Monday, July 17, 2006

THIS WEEK'S FINDS
week of July 16-22

"This Life" - La Rocca
A comfy stomp of a piano riff leads, brain-buzzingly, into a song as brash as it is cheerful, as expansive as it is, also, introspective. This young Irish band will bring some inevitable early-U2 comparisons, both for the country of origin and for singer/guitartist Bjorn Baillie's semi-resemblance to a young Bono. But the comparison doesn't hold for long, to my ears. There's some deep-seated, rather un-U2-like awareness of down-and-dirty classic rock suffusing the groove these guys lay down here, to begin with. And anyway, this quartet isn't quite so Irish as all that--one of them is from England, they started playing together in Cardiff (in Wales, you know), and have actually been living in L.A. for a while now. "This Life" is a track from the band's debut full-length CD, The Truth, due out in August on Danger Bird Records. The MP3 is courtesy of the Danger Bird site.

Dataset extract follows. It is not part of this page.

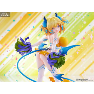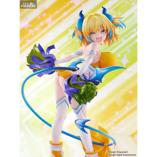 Wearing a vibrant and daring cheerleader outfit, Pine holds up her green and purple pom-poms with a mischievous smile. Her bright yellow top, matching legwear, and playful demon tail and horn accessories highlight her cheeky origins, while her dynamic pose—slightly arched, ready to spring into action—captures all her energetic vibe. Fine details like fabric textures, subtle paint shading, and crisp accessory work make this piece stand out.
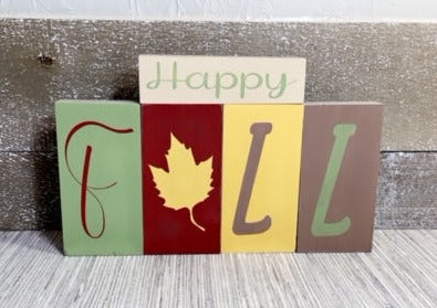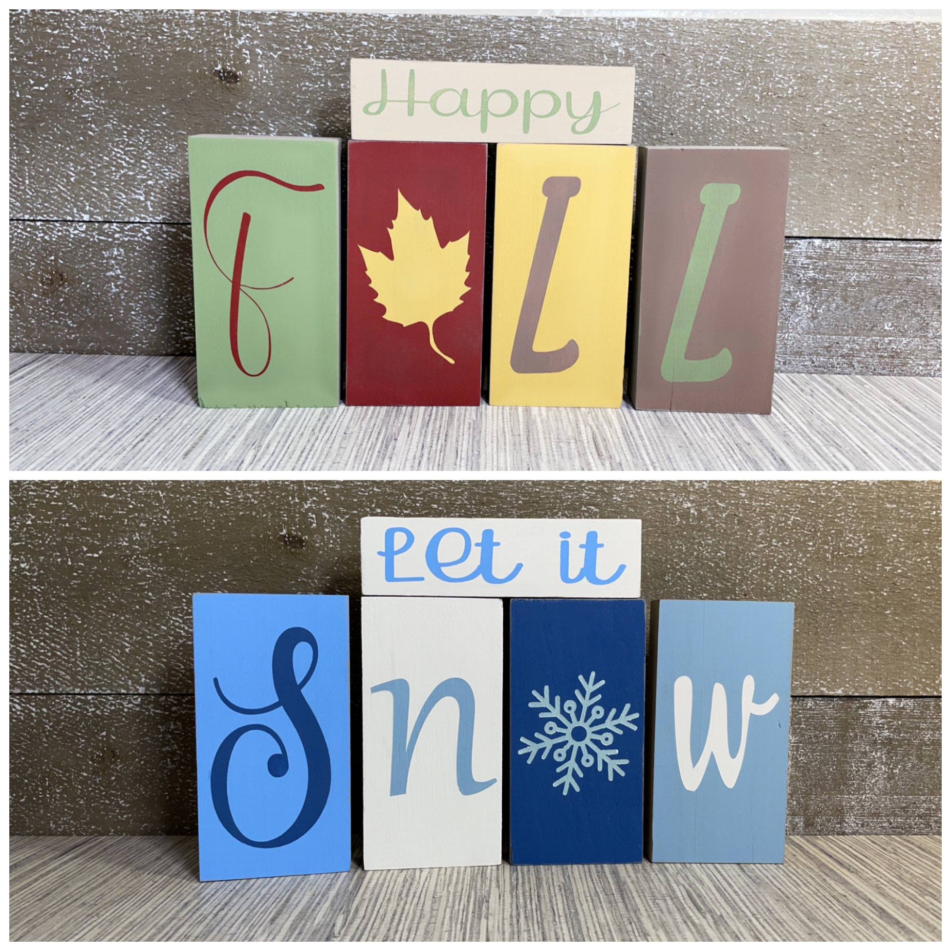 Listing is for (1) Happy Fall on one side and Let it Snow on the other side wood blocks. There are 5 blocks all together. **SET IS REVERSIBLE** Completely hand painted.

"Too Much Space" - Lisa Germano
With its sad, rich, reversing arpeggios, "Too Much Space" has the beautiful-doleful vibe of one of Tom Waits' ballads-gone-awry. Germano's voice of course is far prettier than his (whose isn't?), but she's got a deep ache in it as well, and offers idiosyncratic touches that give the proceedings a Waitsian sense of the off-kilter. Her evocative violin adds one mournful flavor; the feedbacky guitars that enter in the second half of the song--screaming like disintegrating aliens during certain moments--add another perhaps less expected one. Having written personally, almost uncomfortably, about love and addiction on previous albums, Germano is apparently tackling death this time around, on her wonderfully-titled In the Maybe World CD, to be released next week on Young God Records. She's traveled a long and winding road since her commercial heyday as John Mellencamp's violinist, but it seems one of her own choosing and I for one hang on her every word at this point. The MP3 is available via the Young God web site. Many thanks to the sabas.jud.as blog for the head's up.

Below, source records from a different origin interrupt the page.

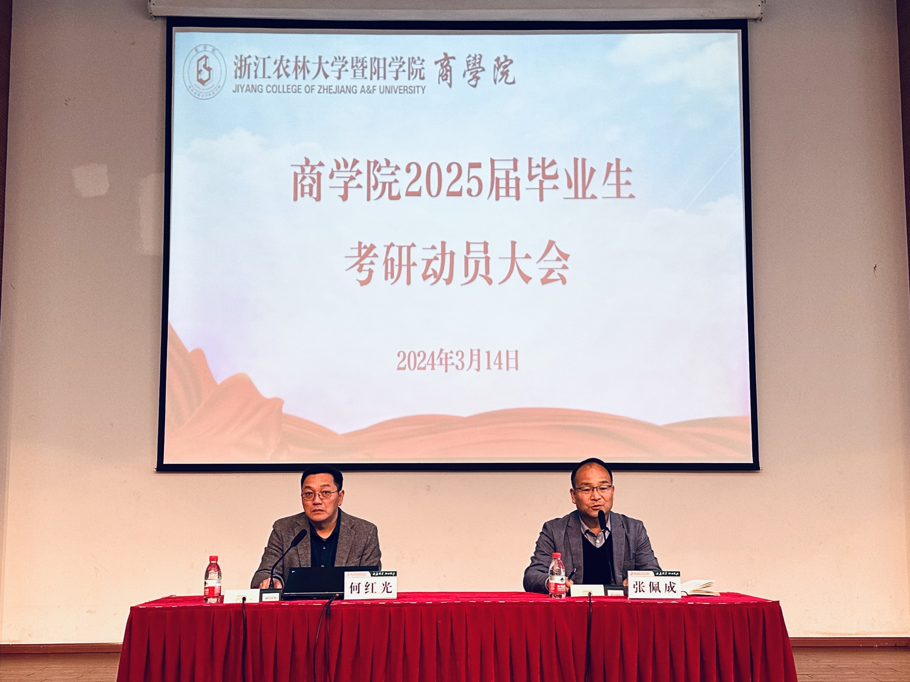 一直以来,商学院高度重视考研工作,坚持以学生为中心,始终把鼓励考研、服务考研、提升考研作为学院的重点工作之一。此次动员大会是提升学院考研升学学习氛围、助力学生成长成才的重要举措,有利于帮助同学们进一步认清形势、明晰方向、坚定目标,以积极乐观的心态迎接考研的挑战。
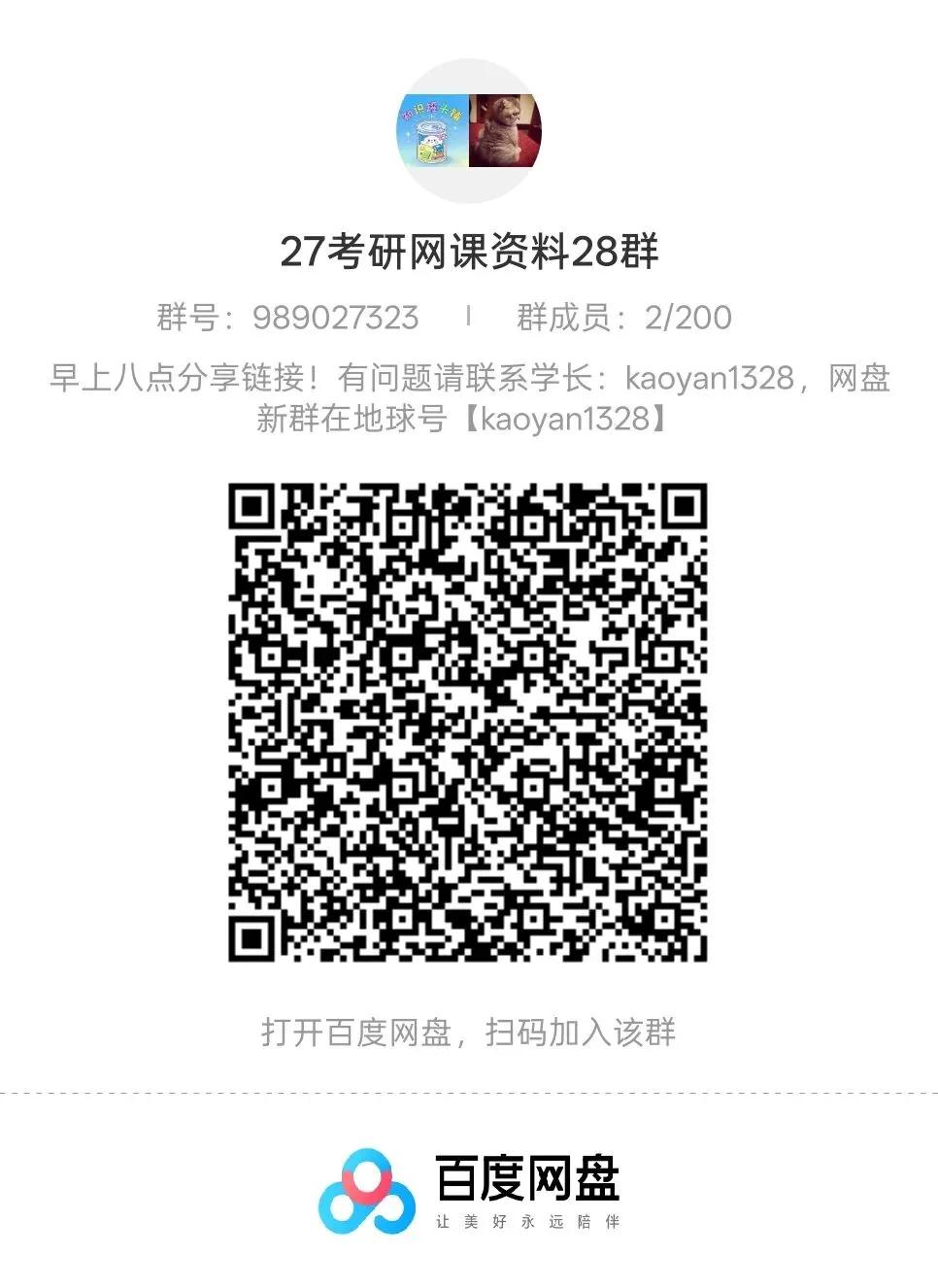 当前位置:首页>专业课资料>27考研电子资料+视频网课资源共享群【百度网盘+夸克网盘】2.2已同步更新
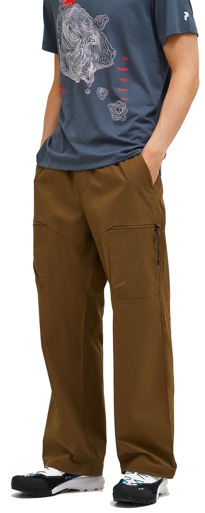Peak Performance Outdoor Cargo Pants Meadow Moss, pantalon de randonnée homme en tissu léger stretch déperlant, taille élastique réglable et deux poches zippées sur les jambes.
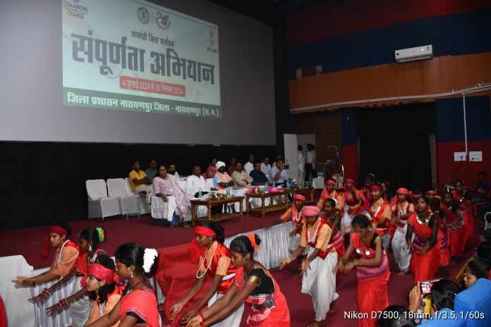 नारायणपुर ,आकांक्षी जिला कार्यक्रम के तहत “सम्पूर्णता अभियान नीति आयोग अंतर्गत आकांक्षी जिला कार्यक्रम के तहत “सम्पूर्णता अभियान उत्सव” का सिनेमा हॉल नारायणपुर एवं ओरछा मुख्यालय में शुभारंभ किया गया। कार्यक्रम के मुख्य अतिथि सर्व आदिवासी समाज के संरक्षक रुपसाय सलाम एवं कार्यक्रम की अध्यक्षता कलेक्टर बिपिन मांझी ने किया | कार्यक्रम के मुख्य अतिथि सर्व आदिवासी समाज के संरक्षक रूपसाय सलाम ने संबोधित करते हुए कहा कि देश को विकसित बनाने के लिए सबसे पहले समाज को सुधारने की आवश्यकता है तभी देश भी विकसित हो सकेगा | सबसे पहले सोच बदलने की आवश्यकता है तभी हमारे समाज आगे बढ़ेगा और नारायणपुर क्षेत्र में विकास की गंगा बहने लगेगा | उन्होंने कहा कि सीखने की कोई आयु नहीं होती मैं अभी भी सीखने का भरपूर प्रयास कर रहा हूं | उन्होंने संपूर्णता अभियान को सफल बनाने के लिए उपस्थित गणमान्य नागरिकों और अधिकारियों से अपील की |
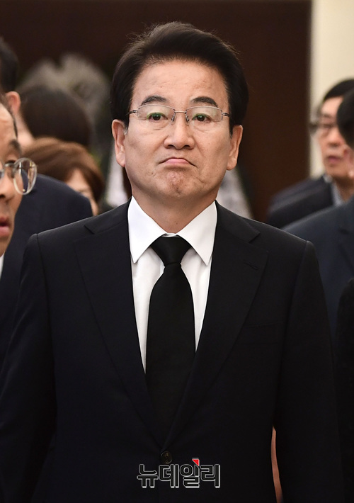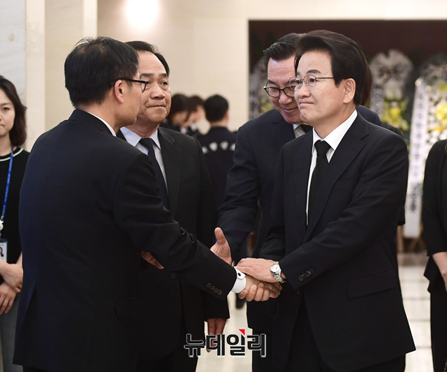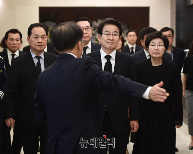 정동영 민주평화당 대표가 11일 서울 서대문구 신촌 세브란스 병원 장례식장에 마련된 故 이희호 여사 빈소를 찾아 조문하고 관계자들과 인사를 나누고 있다.
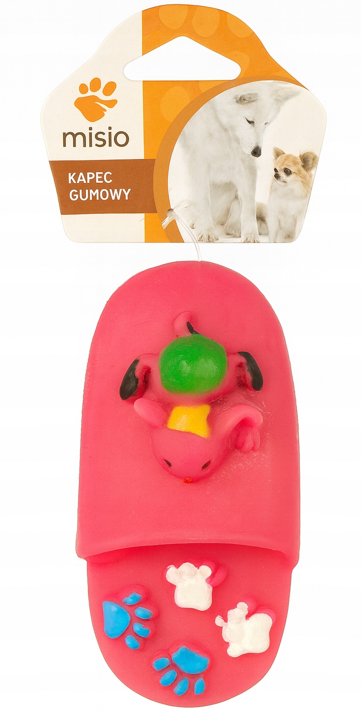Podsumowanie – dlaczego warto kupić: MISIO kapeć gumowy to oryginalna zabawka w kształcie kapcia, która zachęca psa do aktywności i zajmuje go na co dzień. Gumowa forma, wyraźne wypukłe detale i widoczna kolorystyka sprawiają, że to praktyczny wybór dla opiekunów szukających trwałej, łatwej w utrzymaniu zabawki.

"Postcards From Italy" - Beirut
Probably not enough rock songs begin with a strumming ukelele. And that's not nearly the most charming/unexpected instrumental flourish in Beirut's bag of tricks. You get horns, you get tambourines, you get a brisk two-step rhythm, you get appealingly old-fashioned melodies, and best of all you get singer/mastermind Zach Condon, all of 20 years old (actually 19 when he recorded this), sounding for all the world like a cross between Rudy Vallee and Morrissey. So, yes, it's kind of another one-man-band thing, but Condon first of all believes solidly in organic instruments (no laptop rock for him), and he also believes in recruiting talent--Neutral Milk Hotel's Jeremy Barnes, most notably, who offers up a serious hodgepodge of old-country percussion, crucial to the endearingly Eastern European sound Condon has almost inexplicably concocted. Condon is from Albuquerque and now lives in Brooklyn; he left college after one day and went instead to live in Europe. In Amsterdam he was accidentally exposed to Balkan brass music (it's a long story) and the rest is now indie-pop musical history. "Postcards From Italy," careening around the blogosphere since the spring, is a track off Beirut's debut CD, Gulag Orkestar, released in May on Ba Da Bing! Records. The MP3 is available via the band's site.